Hello Mr. Raaabo can u please told us exact date of preview....


----------



## QwertyManiac (Dec 24, 2005)

con_tester said:
			
		

> A massage for Raaabo..


 lol, hehhe, watch ur typos dude, they tend to make ppl think different 

Hmm.. its christmas tomorrow, so perhaps tomorrow is the surprise


----------



## alex_gautam (Dec 24, 2005)

it_waaznt_me said:
			
		

> Visual Studio's 2005 Express edition .. (All of them .. C# , VB.Net , C++ and Visual Studio)
> And Oracle 10g Express Edition ..
> I want more developer tools (



Count my vote too


----------



## gxsaurav (Dec 24, 2005)

it's christmas time, no wonder raboo is busy, wait for a few days, he will post soon


----------



## con_tester (Dec 24, 2005)

But its tooo late...

Please Raaabo...
Do it fast...
Please....

I CANT WAIT FOR PREVIEW....


----------



## kumarmohit (Dec 24, 2005)

QwertyManiac said:
			
		

> con_tester said:
> 
> 
> 
> ...



May ur words bocome true QM but I also half expect Raabo might take Christmas Day off and ....


----------



## Ankur Gupta (Dec 24, 2005)

I guess v r in a for a christmas gift!!!!!!I am quite certain christmas will bring in some gud news ie. the preview of the january isssue will be posted by our dear raaabo....though i am hoping against against hope!!!!


----------



## elumalai (Dec 24, 2005)

need express editions of vs.net 2003..of course, in next edition. and also sqlserver 1 yr. trial.
thanks in advance.


----------



## QwertyManiac (Dec 24, 2005)

elumalai said:
			
		

> need express editions of vs.net 2003..of course, in next edition. and also sqlserver 1 yr. trial.
> thanks in advance.



when express of 2005 is out and given too, why do u ask for the paid 2003 ?


----------



## kjuvale (Dec 24, 2005)

why people are demanding for jan issue it must be redy by this time. but it seems no one from digit wants to post
preview


----------



## rakee (Dec 25, 2005)

I WANT THE PREVIEW...its ready now..i hope


----------



## con_tester (Dec 25, 2005)

Where is the preview....

Its afternoon of X-mas.

I m getting angry now...


----------



## player2k5 (Dec 26, 2005)

it might jus be a surprise i have a wierd feeling about this..


----------



## JGuru (Dec 26, 2005)

*Recommended Software for January

  1) Suse Linux 10 DVD
  2) QuickTime 7.0.3
  3) Microsoft .NET SDK 2.0
  4) Lots of Linux Software & Linux Goodies
  5) Eclipse SDK 3.1.1 for Windows
  6) VMware 5.0 for Windows
  7) NetBeans 5.0 Beta 2.0 IDE*[/img][/b]


----------



## g_goyal2000 (Dec 26, 2005)

Where the hell is the preview?


----------



## sudhir_mangla (Dec 26, 2005)

i think after last week drama with subscriber digit would not even issue the magazine this month to save even more money.


----------



## con_tester (Dec 26, 2005)

Hmmmmmm........

I think Raaabo will give the Preview of January in January...

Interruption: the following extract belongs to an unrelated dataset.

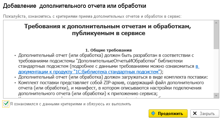 Будет выведено окно мастера добавления дополнительных отчетов и обработок. На первом шаге мастера разработчику могут быть продемонстрированы критерии приема дополнительных отчетов и обработок в каталог.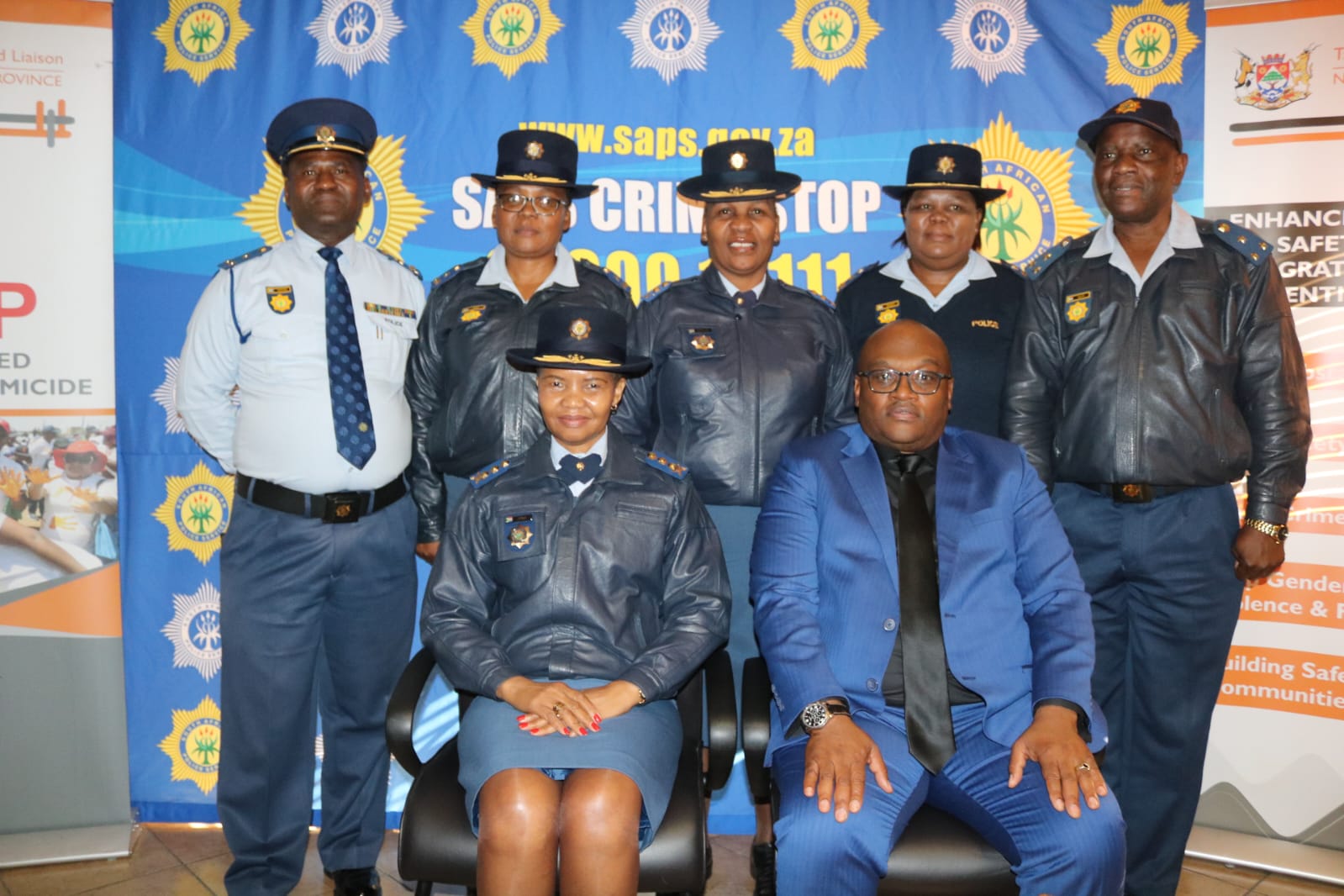 Die Voorsitter van die Provinsiale Polisieraad, Mnr Tebogo Molapo en die Adjunk Provinsiale Sekretaris, Me Helen Jack het ook die ontmoeting en groetsessie bygewoon.

Or there will be no preview at alll...


----------



## aku (Dec 26, 2005)

mannnnnnnnnn!!! wherez da preview!!!!!!


----------



## vignesh (Dec 26, 2005)

Its about time the preview is post.......


----------



## con_tester (Dec 26, 2005)

vignesh said:
			
		

> Its about time the preview is post.......



No its very late...
Where the hell is preview...

Just give me preview...

Dont make me wait...


----------



## wise (Dec 26, 2005)

*I would like to have a booklet fully dedicated to PHOTOSHOP, in Digit's typical user friendly language.*

* Was that a shooting star I saw just now?*


----------



## Guest (Dec 26, 2005)

i think digitian are sleeping tight


----------



## JGuru (Dec 27, 2005)

*Maybe no preview at all this time!!
Raboo needs some respite. 
Take your time Raboo , we all are waiting.*


----------



## Ankur Gupta (Dec 27, 2005)

Now no use of the preview as mag will b out in 4-5 days.preview wud hav been useful had it come out around 15th.i dont think there is any preview this time around coz Raaabo is taking revenge from us for our comments against DIGIT for the december issue.wat do u think guyz??


----------



## con_tester (Dec 27, 2005)

Revenge.....

But that time I supported Digit...

Why revenge to me...

Ok I have n Idia...
Raaabo if u r taking revenge from these guys...Just send me preview by privet massage....
Please.....


----------



## .:deadman:. (Dec 27, 2005)

Whats the adv of getting preview so late


----------



## con_tester (Dec 27, 2005)

Cause by preview I will decide to buy the mag or not buy the mag...


----------



## premsharma (Dec 27, 2005)

They are scared because after preview, many will decide against buying it.  Earlier it used to be otherway round.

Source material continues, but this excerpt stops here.